Jailed Kremlin critic Navalny moved to unknown location: Allies
Allies of Navalny say the Russian opposition leader has been moved from the prison where he was serving his sentence.
Russian opposition leader Alexey Navalny has been abruptly transferred from a prison where he was serving his sentence to an undisclosed location, according to his allies.
Navalny, Russia’s most prominent opposition leader, has cast President Vladimir Putin’s Russia as a dystopian state run by thieves and criminals where wrong is portrayed as right and judges are in fact representatives of a doomed elite.
Navalny’s top aide informed about the transfer on the Telegram app on Tuesday.
Just last month, Navalny lambasted Putin via video link in a Russian court, saying the Kremlin chief started a “stupid war” that was butchering the innocent people of both Ukraine and Russia.
When his lawyer arrived at Correctional Colony No 2, a prison camp in Pokrov, 119km (74 miles) east of Moscow, he was told, “There is no such convict here,” according to Navalny’s chief of staff Leonid Volkov.
“Where Alexey is now, and which colony he is being taken to, we don’t know,” Volkov said in a statement on Telegram.
Lawyer Olga Mikhaylova told Russia’s state news agency TASS that Navalny’s lawyers were told he was transferred to a maximum-security prison, “but which one, we weren’t told.”
Navalny’s spokeswoman said there was speculation that he was being taken to the high-security penal colony IK-6 Melekhovo near Vladimir, about 250km (155 miles) east of Moscow.
“The problem with his transfer to another colony is not only that the high-security colony is much scarier: it is more that we don’t know where Alexey is,” his spokeswoman Kira Yarmysh said.
“He is one-to-one with the system that has already tried to kill him.”
Russia’s prison service could not be reached for immediate comment.
Navalny earned admiration from the disparate Russian opposition for voluntarily returning to Russia in 2021 from Germany where he underwent treatment for what Western laboratory tests showed was an attempt to poison him with a nerve agent in Siberia.
He was arrested upon returning from Germany and handed a two-and-a-half-year sentence for a parole violation.
On March 24, Navalny was sentenced to a further nine years in prison for fraud and contempt of court.

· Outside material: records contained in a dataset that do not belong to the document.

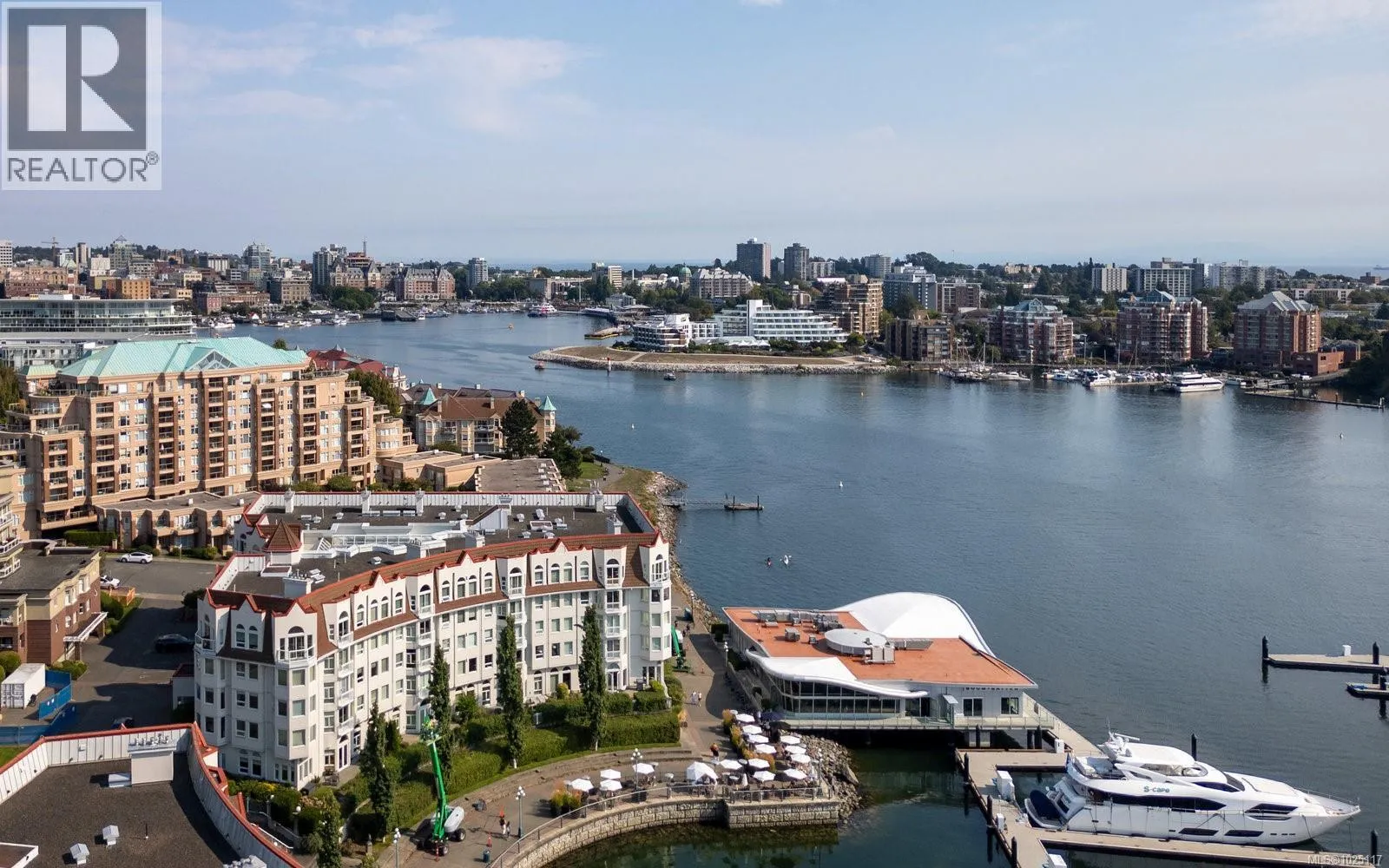 Soaring 11-foot ceilings set the tone for this chic and spacious Corner Penthouse in the prestigious Royal Quays, located in the heart of the Songhees. With 1,572 sq. ft. of updated living space, this 2-bedroom, 2-bathroom home blends style and comfort with ocean glimpses—watch the float planes and kayaks go by, and enjoy the twinkling downtown lights in the evening.
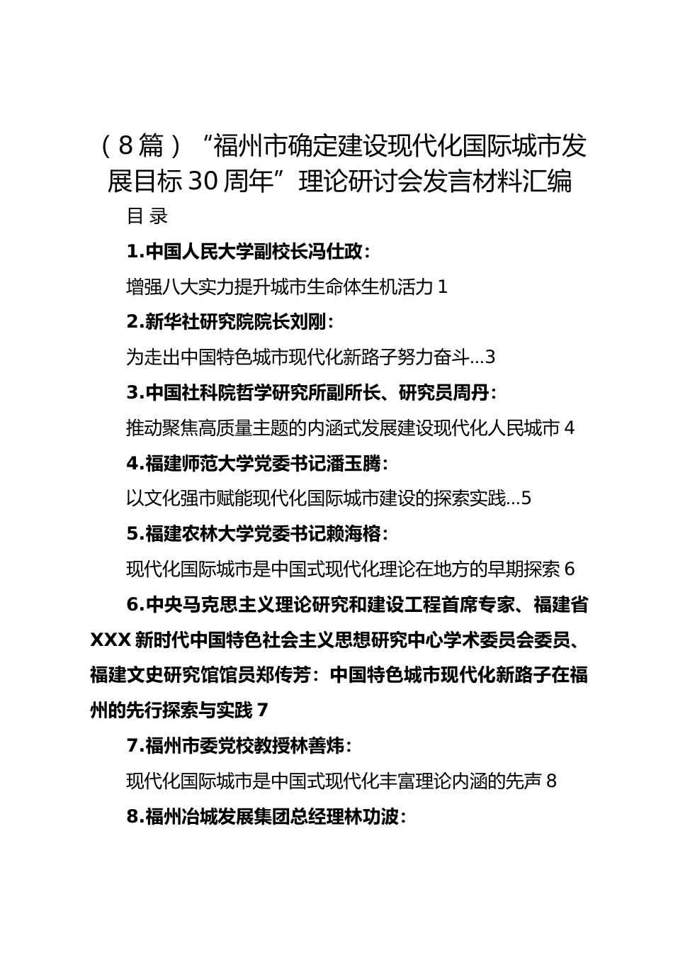 (8篇)“福州市確定建設(shè)現(xiàn)代化國際城市發(fā)展目標(biāo)30周年”理論研討會發(fā)言材料匯編
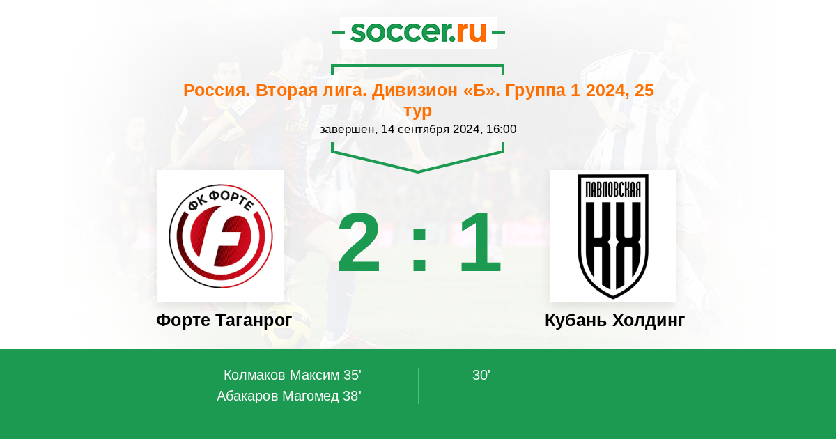 Протокол матча Форте Таганрог против Кубань Холдинг
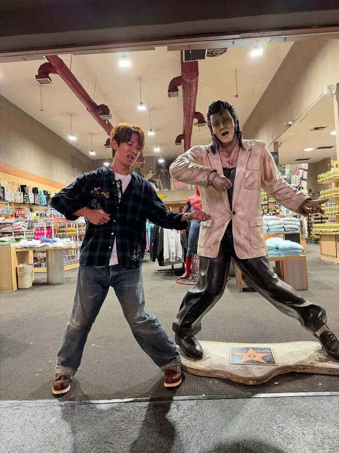 さらに店頭に飾られたあの”超大物”エルヴィス・プレスリーの特大フィギュアの横に立つ大倉さんは、ギターを持つようなポーズをしたフィギュアと同じポーズを取ったりと、ハリウッドをこれでもかと満喫していたようでした。

The opposition leader has said the charges against him are fabricated and aimed at thwarting his political ambitions.
In the sentence, the judge ordered that Navalny be transferred to a maximum-security prison, where his rights to visits and correspondence will be reduced. He was supposed to be transferred to one after he lost his appeal.
Navalny’s political network has been largely dismantled since his jailing, having been banned as an “extremist” organisation. Senior aides and organisers have either been jailed or forced into exile.
The opposition leader said two weeks ago that he had been charged in a new criminal case with creating an extremist organisation and inciting hatred towards the authorities, offences that carry a maximum jail term of 15 more years.